I was born with the winning ticket, a major reason I was able to live out my childhood dreams.
My mother was a tough, old-school English teacher with nerves of titanium. She worked her students hard, enduring those parents who complained that she expected too much from kids. As her son, I knew a thing or two about her high expectations, and that became my good fortune.
My dad was a World War II medic who served in the Battle of the Bulge. He founded a nonprofit group to help immigrants’ kids learn English. And for his livelihood, he ran a small business which sold auto insurance in inner-city Baltimore. His clients were mostly poor people with bad credit histories or few resources, and he’d find a way to get them insured and on the road. For a million reasons, my dad was my hero.

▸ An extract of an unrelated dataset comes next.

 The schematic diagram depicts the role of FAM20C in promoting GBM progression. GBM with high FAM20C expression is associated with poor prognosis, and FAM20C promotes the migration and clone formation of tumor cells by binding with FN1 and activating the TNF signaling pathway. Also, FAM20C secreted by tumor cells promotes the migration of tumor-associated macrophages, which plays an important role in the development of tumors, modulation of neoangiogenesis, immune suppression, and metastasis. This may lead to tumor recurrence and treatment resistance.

I grew up comfortably middle class in Columbia, Maryland. Money was never an issue in our house, mostly because my parents never saw a need to spend much. They were frugal to a fault. We rarely went out to dinner. We’d see a movie maybe once or twice a year. “Watch TV,” my parents would say. “It’s free. Or better yet, go to the library. Get a book.”
When I was two years old and my sister was four, my mom took us to the circus. I wanted to go again when I was nine. “You don’t need to go,” my mom said. “You’ve already been to the circus.”

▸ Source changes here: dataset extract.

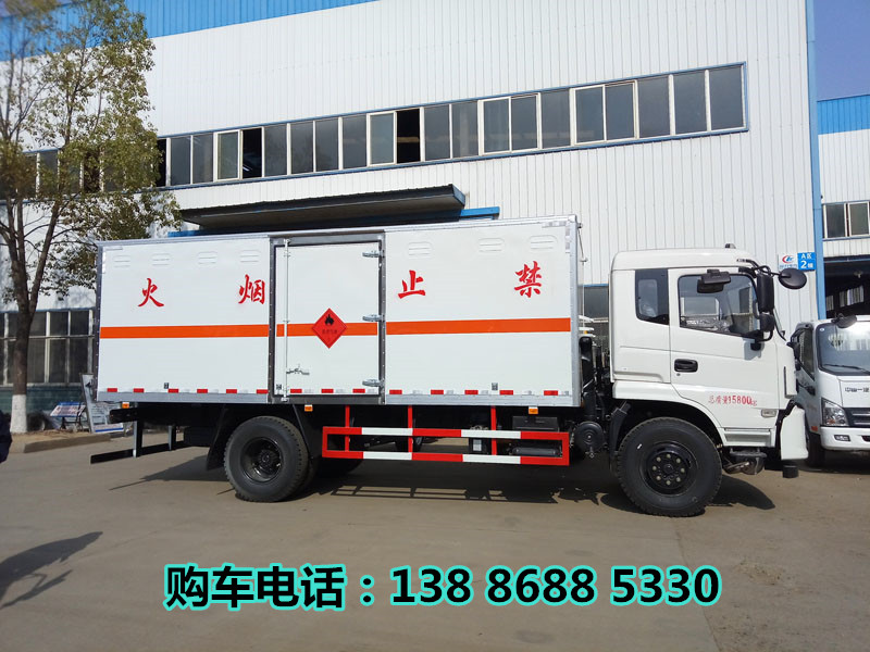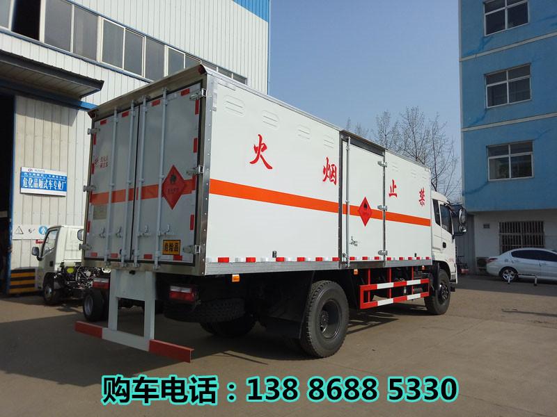 该车适用于运输危险品为危险货物运输车。厢体顶部封闭,不可开启。仅采用底盘子午线轮胎和带ABS的底盘,该车前轮安装盘式制动器,前置排气管,装配限速装置,限速80km/h。整车长度/轴距/后悬对应关系为(mm):8800/5300/2240,8800/4700/2840。安装带有卫星定位功能的行驶记录仪。该车运输具有独立容器包装的介质。运送危险品类项号为2.1;2.2;该车运输的介质为2.1项易燃气体时,车辆采用”易燃气体”标识牌,运输的介质为2.2项非易燃无毒气体时,车辆采用”不燃气体”标识牌。侧防护和后防护装置材料材质为Q235A碳钢,侧防护与箱体底部焊接连接,后防护装置与车架采用焊接连接。后防护截面尺寸(mm):120×50,离地高度为500mm。发动机CY4SK761,D4.5NS6B220,YCS04200-68,B6.2NS6B230对应的油耗值(L/100km)为:26.8,26.6,26.4,26.7。ABS系统生产厂家,型号 :焦作博瑞克控制技术有限公司,J ABS。 该车后轴为采用空气悬架.选装侧开门结构。随底盘选装驾驶室。

It sounds oppressive by today’s standards, but it was actually a magical childhood. I really do see myself as a guy who had this incredible leg up in life because I had a mother and a father who got so many things right.
We didn’t buy much. But we thought about everything. That’s because my dad had this infectious inquisitiveness about current events, history, our lives. In fact, growing up, I thought there were two types of families:
1) Those who need a dictionary to get through dinner.
2) Those who don’t.
We were No. 1. Most every night, we’d end up consulting the dictionary, which we kept on a shelf just six steps from the table. “If you have a question,” my folks would say, “then find the answer.”
The instinct in our house was never to sit around like slobs and wonder. We knew a better way: Open the encyclopedia. Open the dictionary. Open your mind.
My dad was also an incredible storyteller, and he always said that stories should be told for a reason. He liked humorous anecdotes that turned into morality tales. He was a master at that kind of story, and I soaked up his techniques. That’s why, when my sister, Tammy, watched my last lecture online, she saw my mouth moving, she heard a voice, but it wasn’t mine. It was Dad’s. She knew I was recycling more than a few of his choicest bits of wisdom. I won’t deny that for a second. In fact, at times I felt like I was channeling my dad on stage.
I quote my father to people almost every day. Part of that is because if you dispense your own wisdom, others often dismiss it; if you offer wisdom from a third party, it seems less arrogant and more acceptable. Of course, when you have someone like my dad in your back pocket, you can’t help yourself. You quote him every chance you get.
My dad gave me advice on how to negotiate my way through life. He’d say things like: “Never make a decision until you have to.” He’d also warn me that even if I was in a position of strength, whether at work or in relationships, I had to play fair. “Just because you’re in the driver’s seat,” he’d say, “doesn’t mean you have to run people over.”
Lately, I find myself quoting my dad even if it was something he didn’t say. Whatever my point, it might as well have come from him. He seemed to know everything.